## Stored data:

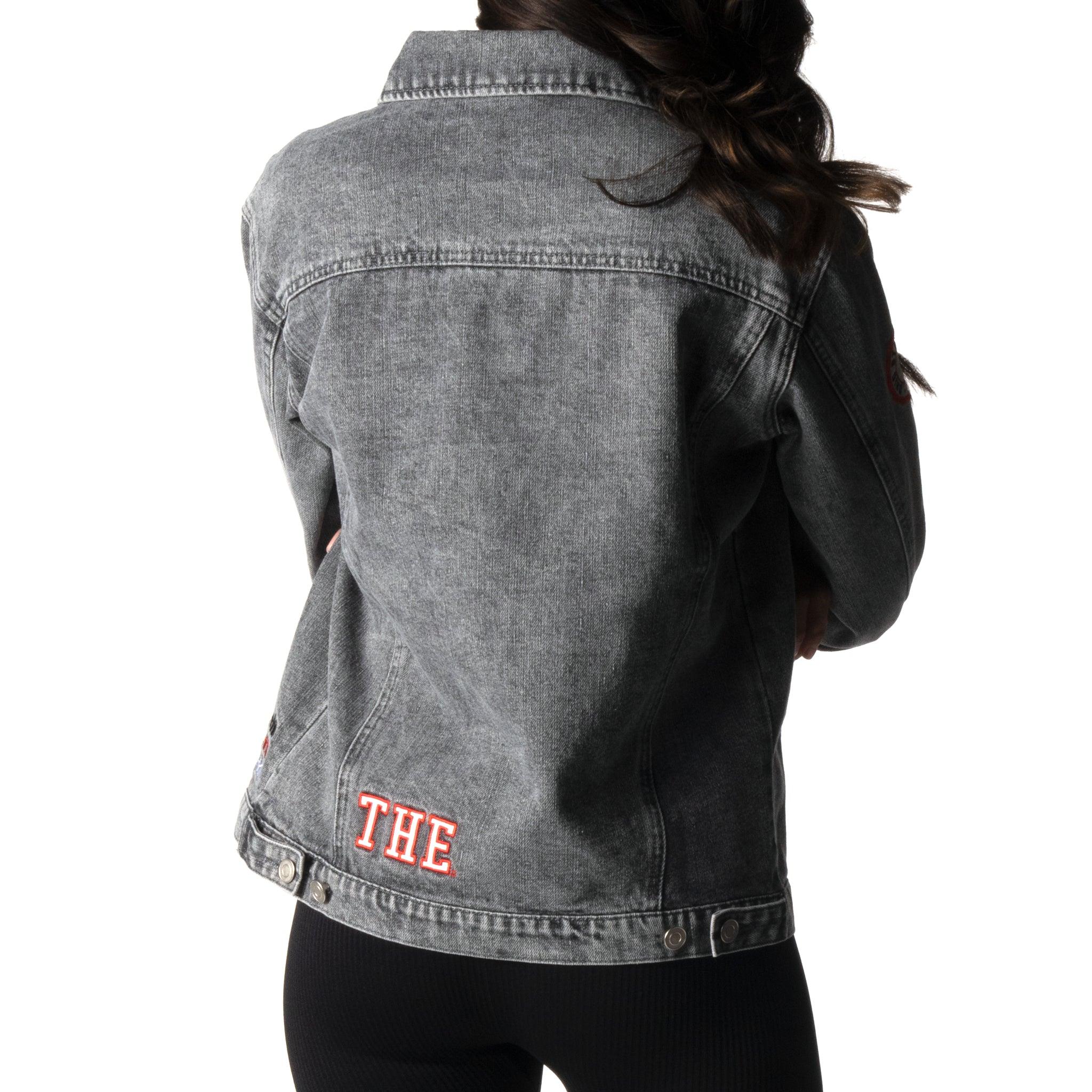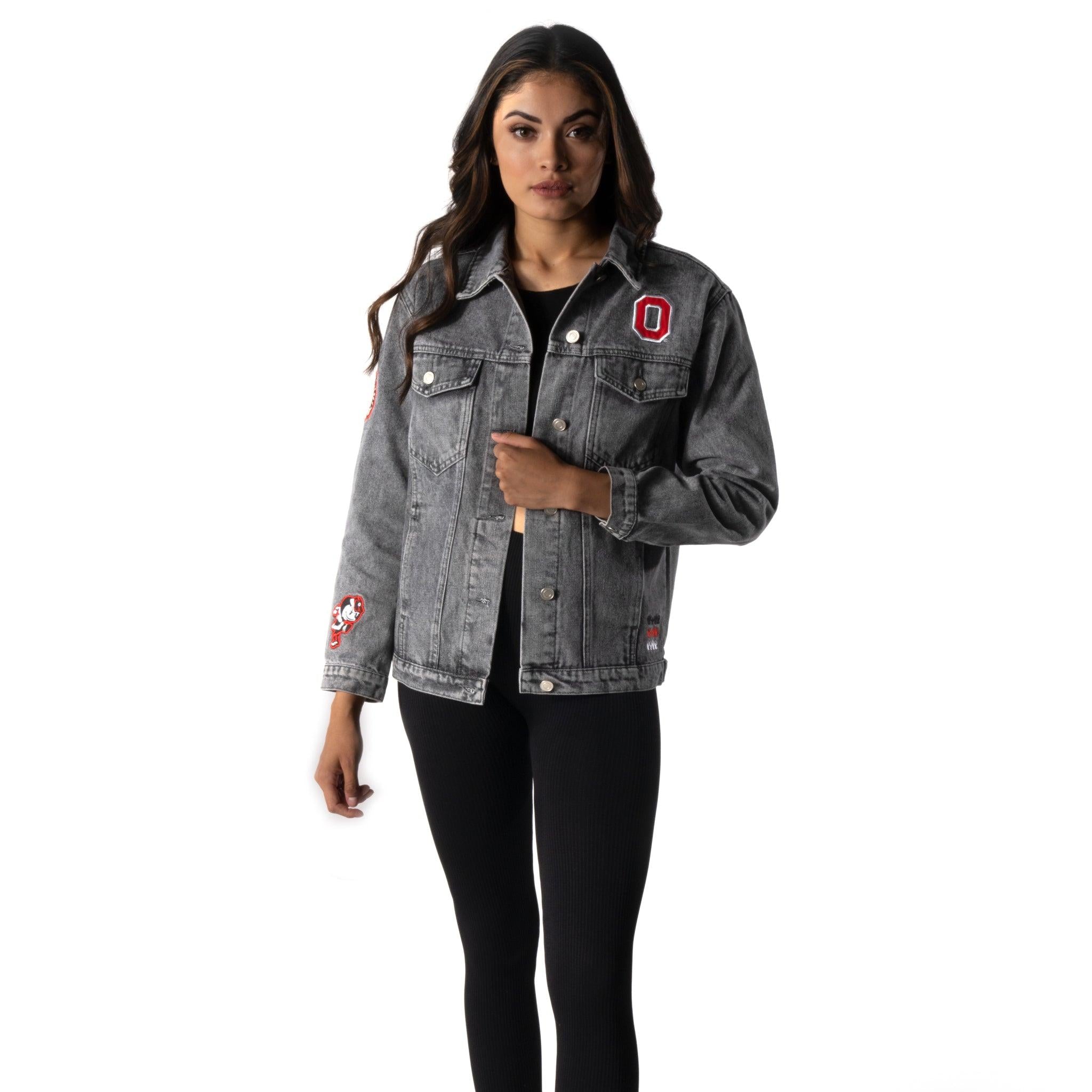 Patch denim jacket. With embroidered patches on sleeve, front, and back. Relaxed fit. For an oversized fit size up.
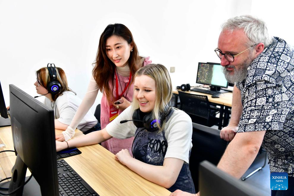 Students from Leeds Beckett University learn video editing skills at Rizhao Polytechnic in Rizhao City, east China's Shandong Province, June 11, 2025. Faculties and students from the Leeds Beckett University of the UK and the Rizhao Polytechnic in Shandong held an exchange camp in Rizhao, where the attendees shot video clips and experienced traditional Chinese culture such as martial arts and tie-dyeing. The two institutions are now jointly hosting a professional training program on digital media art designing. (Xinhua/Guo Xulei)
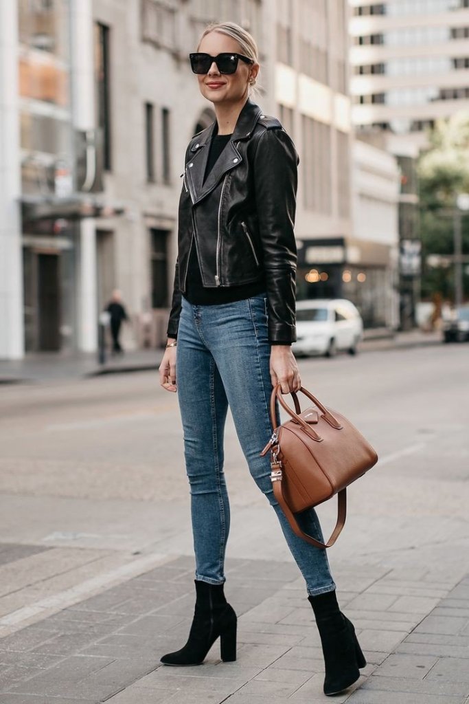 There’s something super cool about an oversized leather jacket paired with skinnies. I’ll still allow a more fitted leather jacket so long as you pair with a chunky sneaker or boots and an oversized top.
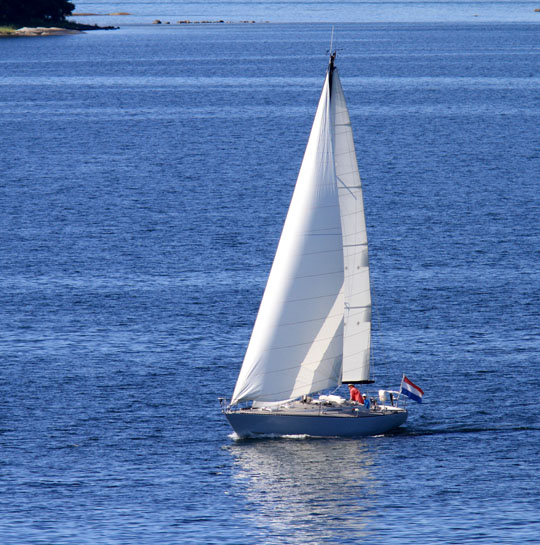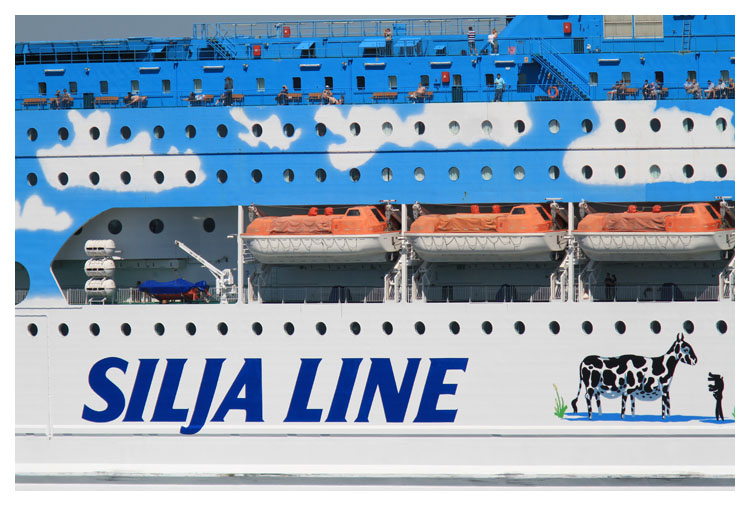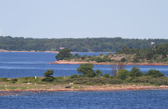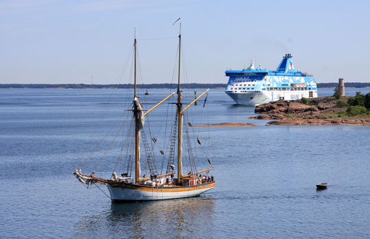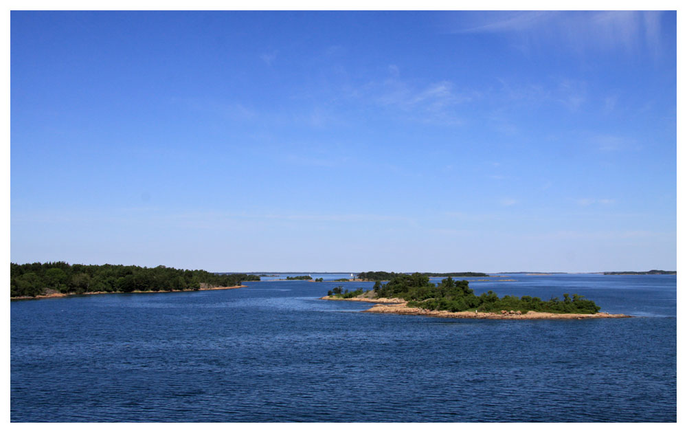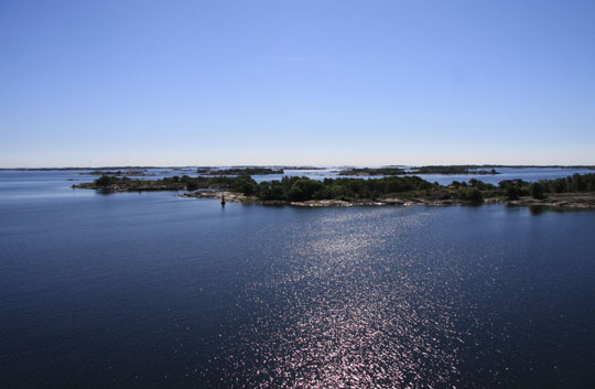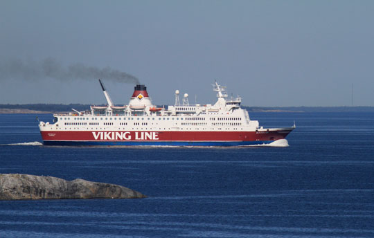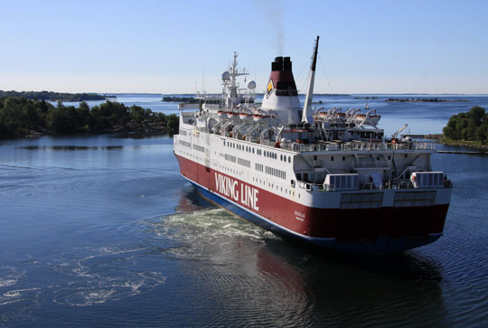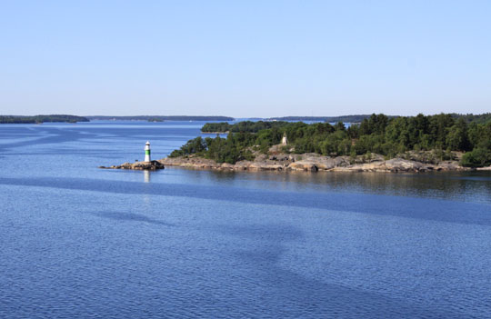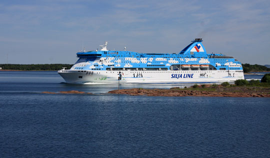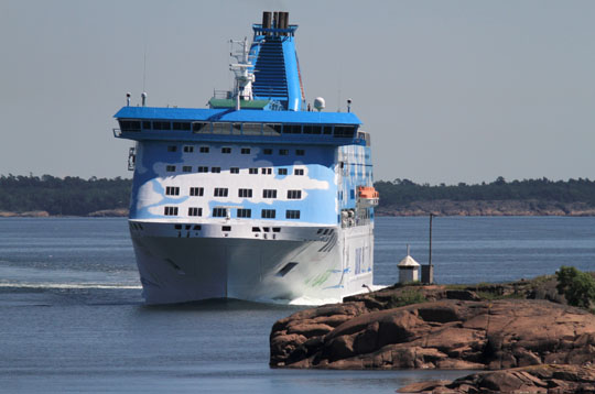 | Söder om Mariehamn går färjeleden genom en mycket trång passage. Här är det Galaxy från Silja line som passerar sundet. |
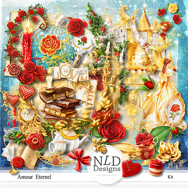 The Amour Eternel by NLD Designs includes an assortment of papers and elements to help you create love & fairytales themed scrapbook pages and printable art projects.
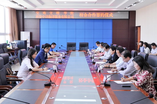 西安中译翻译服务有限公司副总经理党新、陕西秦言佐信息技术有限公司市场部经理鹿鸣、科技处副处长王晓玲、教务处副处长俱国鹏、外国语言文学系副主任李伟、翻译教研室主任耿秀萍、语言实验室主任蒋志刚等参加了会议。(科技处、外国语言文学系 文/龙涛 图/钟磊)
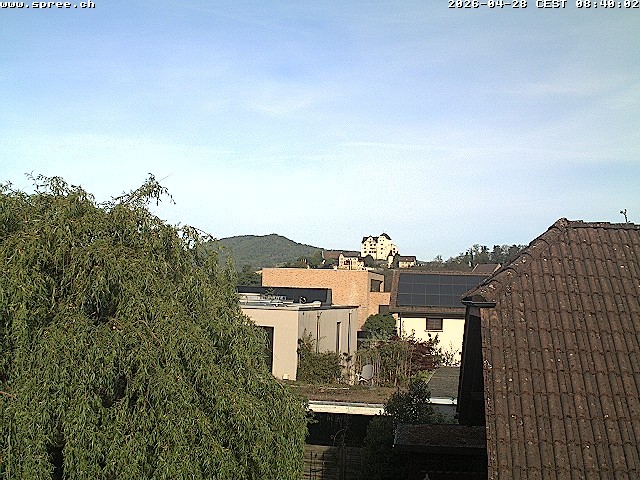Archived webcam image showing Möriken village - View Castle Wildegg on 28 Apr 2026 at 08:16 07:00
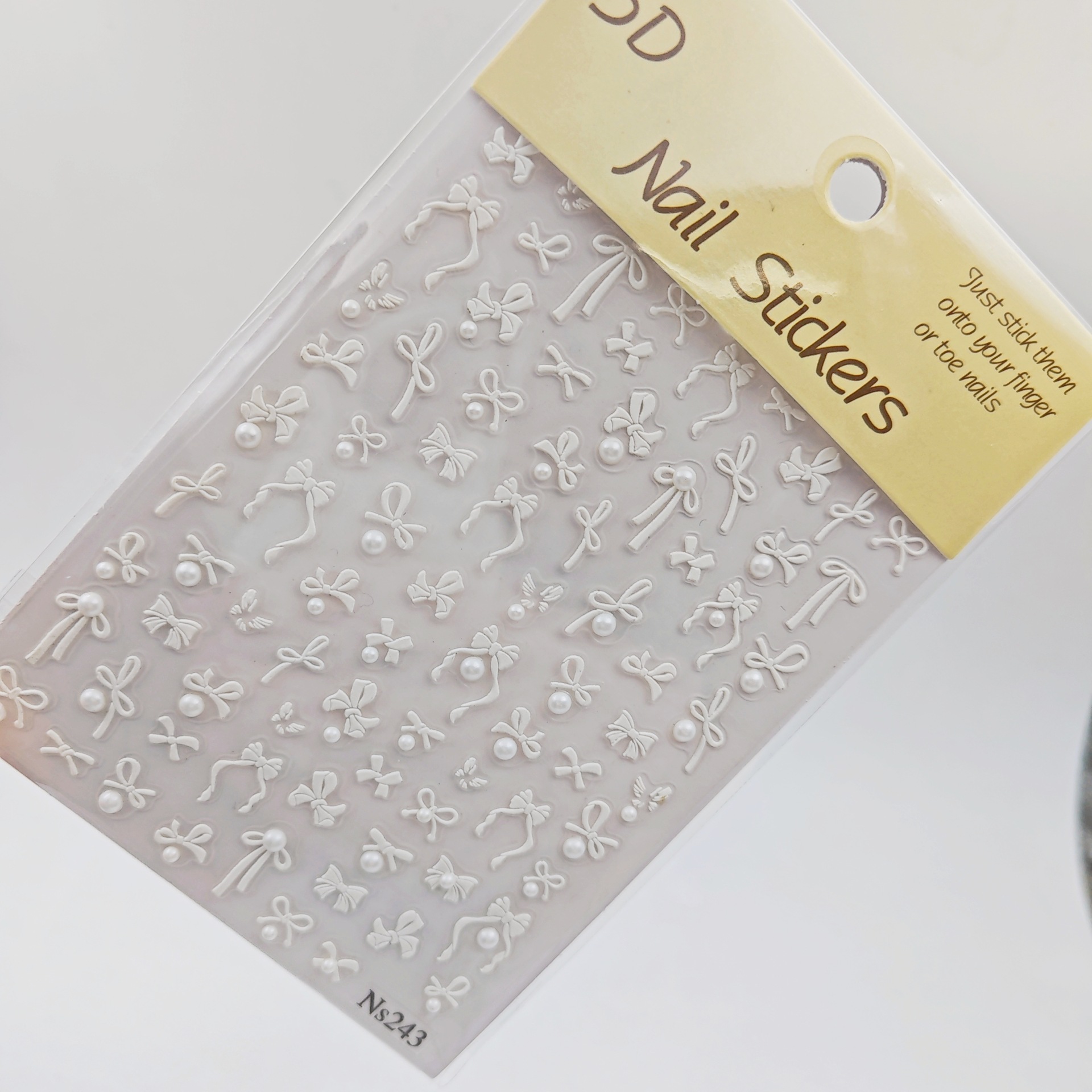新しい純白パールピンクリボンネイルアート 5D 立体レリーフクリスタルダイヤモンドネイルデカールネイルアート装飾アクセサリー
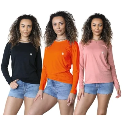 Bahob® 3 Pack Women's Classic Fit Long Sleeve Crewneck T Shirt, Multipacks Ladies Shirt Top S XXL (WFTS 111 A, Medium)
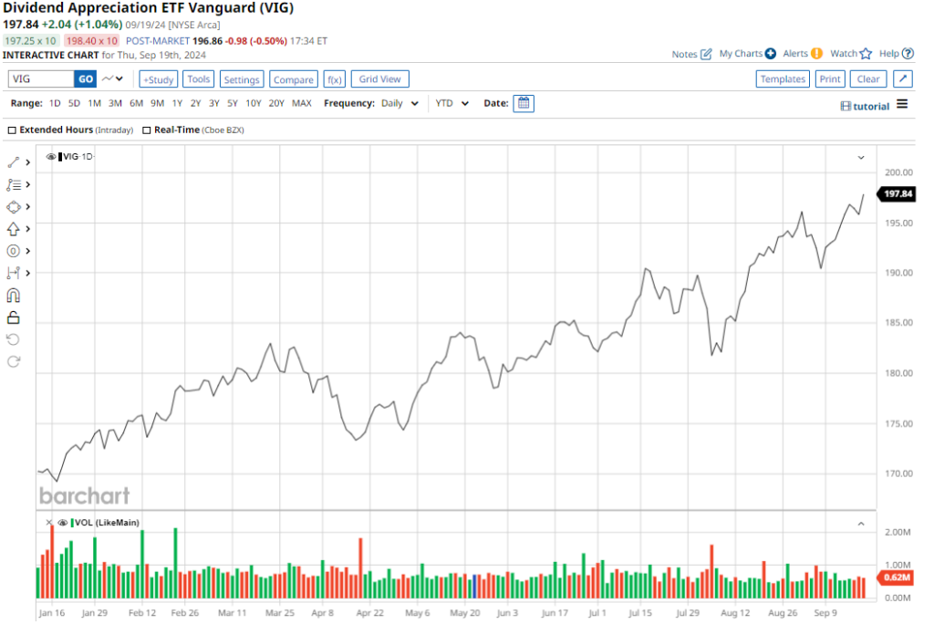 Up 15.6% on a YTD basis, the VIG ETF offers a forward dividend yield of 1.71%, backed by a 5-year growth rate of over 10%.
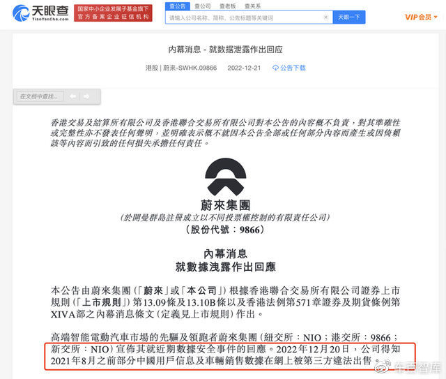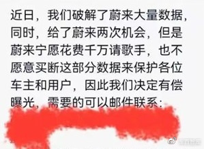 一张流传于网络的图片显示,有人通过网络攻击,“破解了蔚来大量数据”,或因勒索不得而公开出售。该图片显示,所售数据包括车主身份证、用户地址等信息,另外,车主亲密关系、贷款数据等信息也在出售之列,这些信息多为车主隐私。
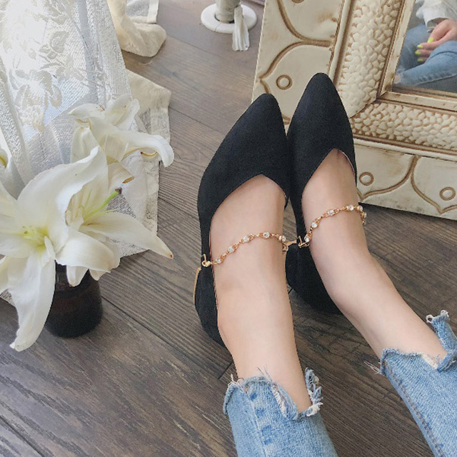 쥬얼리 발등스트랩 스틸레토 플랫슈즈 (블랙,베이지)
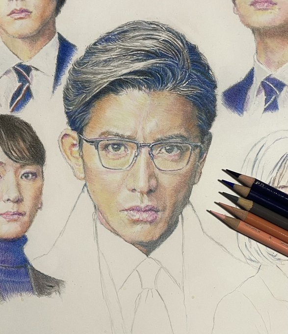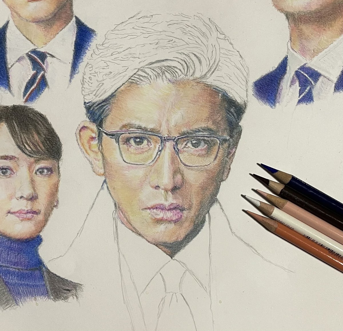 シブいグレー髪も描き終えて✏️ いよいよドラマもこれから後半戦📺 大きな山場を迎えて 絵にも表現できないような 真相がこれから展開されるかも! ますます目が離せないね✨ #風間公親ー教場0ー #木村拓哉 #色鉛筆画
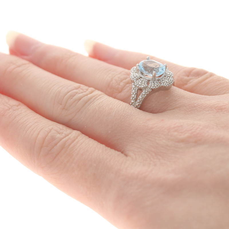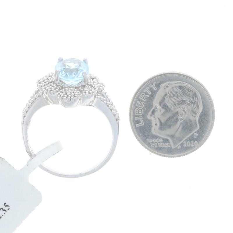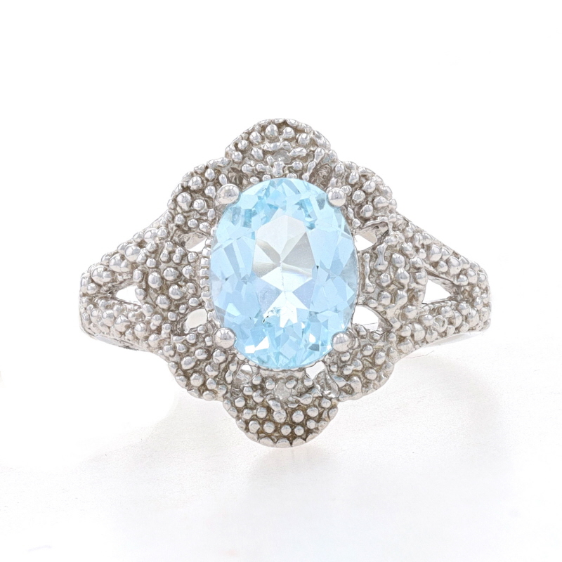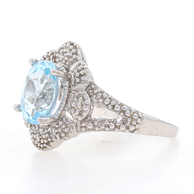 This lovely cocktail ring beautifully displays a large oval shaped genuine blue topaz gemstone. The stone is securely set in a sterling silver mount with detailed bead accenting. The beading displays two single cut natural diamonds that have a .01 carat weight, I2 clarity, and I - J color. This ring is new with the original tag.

## Work instructions:
Pictures in the entries do not go into the copy. Print only the lines starting at the one containing "Archived webcam image" and ending at the one containing "Up 15.6% on", exactly as they appear.

## Output for this task:
Archived webcam image showing Möriken village - View Castle Wildegg on 28 Apr 2026 at 08:16 07:00
新しい純白パールピンクリボンネイルアート 5D 立体レリーフクリスタルダイヤモンドネイルデカールネイルアート装飾アクセサリー
 Bahob® 3 Pack Women's Classic Fit Long Sleeve Crewneck T Shirt, Multipacks Ladies Shirt Top S XXL (WFTS 111 A, Medium)
 Up 15.6% on a YTD basis, the VIG ETF offers a forward dividend yield of 1.71%, backed by a 5-year growth rate of over 10%.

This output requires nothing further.